Later, Tony asks how our Target run went, ready for the inevitable story to follow. He thinks it’s hilarious, of course. He gives them a congratulatory high five for building that bond of embarrassment. I know I’ll survive to Target shop another day. And I know I’ll look back on this and laugh... with my grey hair, mid-life stress acne, and aching back. Being embarrassed by my kids isn’t the end of the world, just the end of my pride. And that’s not a bad thing. I need to learn sometimes that life isn’t all about me or in my control.
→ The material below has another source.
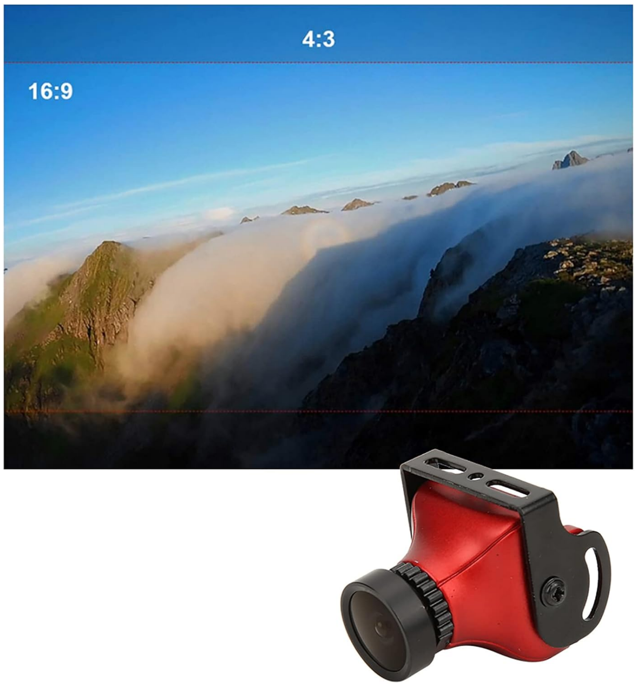
Figure 2: Camera view demonstrating 4:3 aspect ratio for clear imaging.

In his book Raising Giant Killers, Bill Johnson says it is pitiful for the goal of parenting to be merely survival, that we are given the greatest gift and responsibility on Earth in raising our children. I agree with him... on most days. This job is huge and so difficult and so important. We must stay diligent and fight the right battles with our kids to teach them right from wrong. We have to be strict yet sensitive. Some days though, I’m just barely making it to bedtime. My example to them for that day is one in perseverance. Just keep trucking, because, well, giving up isn’t actually an option in this job. We just quit for the day, and start new tomorrow.

Happy Mothers Day, Mom! We are all in this together. And our kids are around here somewhere, probably in the bathroom creating science experiments with our make-up.